WORK REQUIRED: Starting at the line that contains "Visit Proof |" and stopping at the line that contains "TWO ANTIQUE 9CT", restate each line of the records below exactly. Omit the pictures.

SUPPLIED ENTRIES:
# # # #

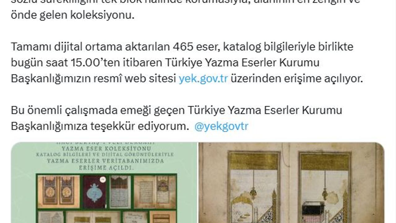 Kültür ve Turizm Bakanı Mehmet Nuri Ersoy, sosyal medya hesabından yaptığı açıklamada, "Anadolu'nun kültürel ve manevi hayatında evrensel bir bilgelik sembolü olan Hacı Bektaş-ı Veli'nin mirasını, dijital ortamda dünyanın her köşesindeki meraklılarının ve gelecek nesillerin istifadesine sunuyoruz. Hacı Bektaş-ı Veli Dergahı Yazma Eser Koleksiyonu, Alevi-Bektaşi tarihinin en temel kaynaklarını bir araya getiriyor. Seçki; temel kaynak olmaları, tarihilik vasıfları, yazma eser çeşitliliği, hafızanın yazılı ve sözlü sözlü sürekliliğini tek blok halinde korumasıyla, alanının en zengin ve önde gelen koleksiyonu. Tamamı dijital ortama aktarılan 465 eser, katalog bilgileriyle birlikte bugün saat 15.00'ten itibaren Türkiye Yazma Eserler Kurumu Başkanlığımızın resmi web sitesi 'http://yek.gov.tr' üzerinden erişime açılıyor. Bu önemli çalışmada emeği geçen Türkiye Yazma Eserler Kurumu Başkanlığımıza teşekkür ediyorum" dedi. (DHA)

# # # #

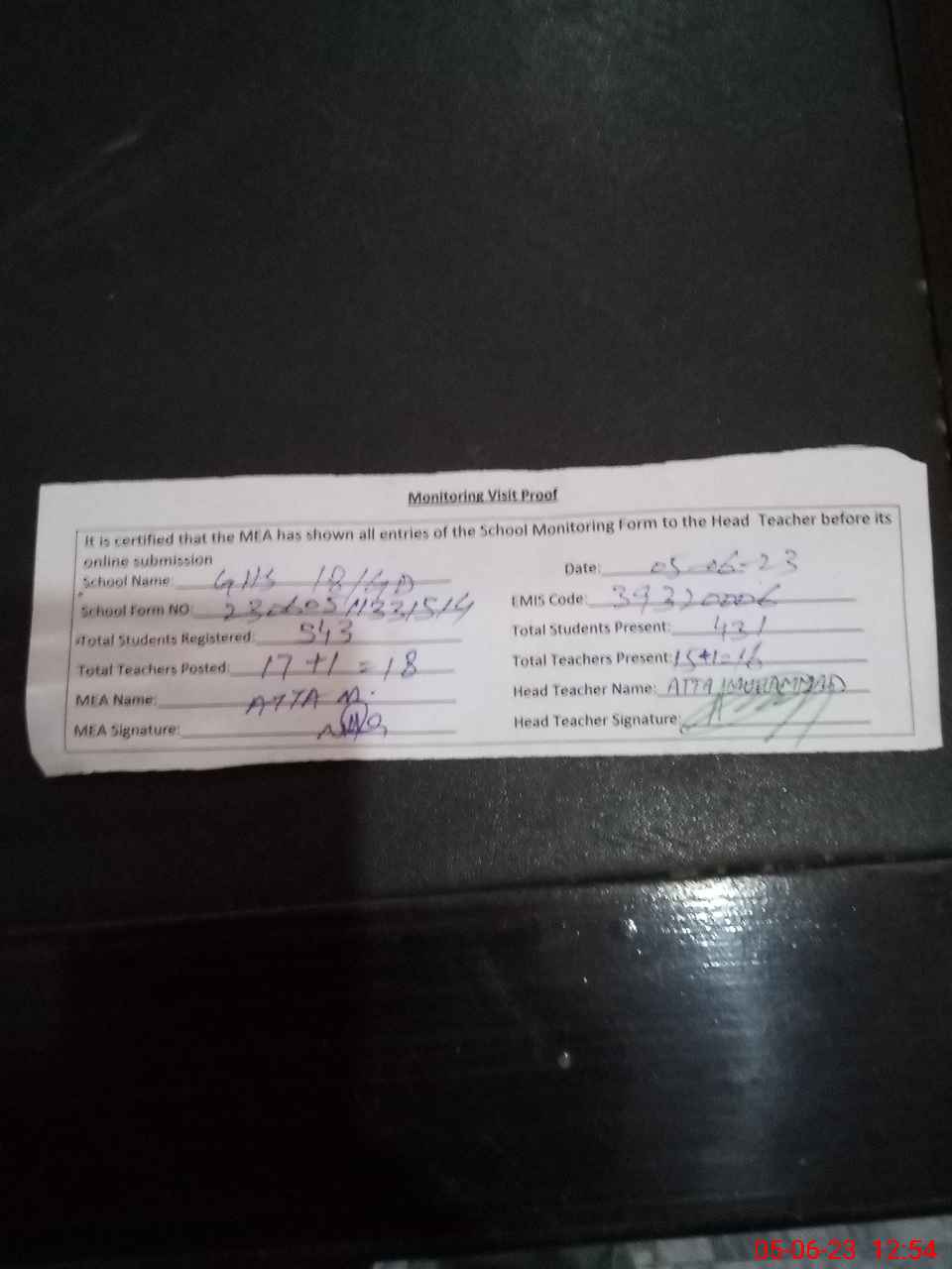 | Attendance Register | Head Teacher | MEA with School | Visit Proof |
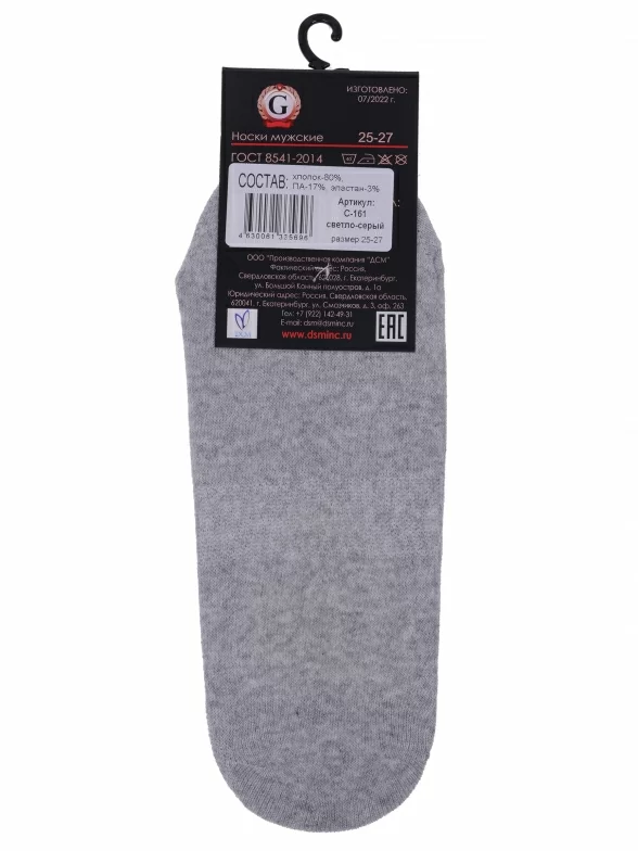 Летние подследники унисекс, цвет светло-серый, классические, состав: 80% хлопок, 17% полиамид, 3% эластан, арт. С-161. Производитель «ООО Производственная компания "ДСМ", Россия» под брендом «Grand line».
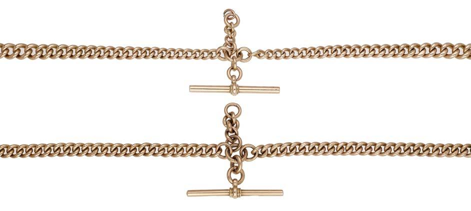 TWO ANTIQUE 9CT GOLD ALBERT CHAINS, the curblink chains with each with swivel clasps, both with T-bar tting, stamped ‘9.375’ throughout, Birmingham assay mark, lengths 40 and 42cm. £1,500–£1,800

# # # #

REPLY TO THE EXERCISE:
 | Attendance Register | Head Teacher | MEA with School | Visit Proof |
 Летние подследники унисекс, цвет светло-серый, классические, состав: 80% хлопок, 17% полиамид, 3% эластан, арт. С-161. Производитель «ООО Производственная компания "ДСМ", Россия» под брендом «Grand line».
 TWO ANTIQUE 9CT GOLD ALBERT CHAINS, the curblink chains with each with swivel clasps, both with T-bar tting, stamped ‘9.375’ throughout, Birmingham assay mark, lengths 40 and 42cm. £1,500–£1,800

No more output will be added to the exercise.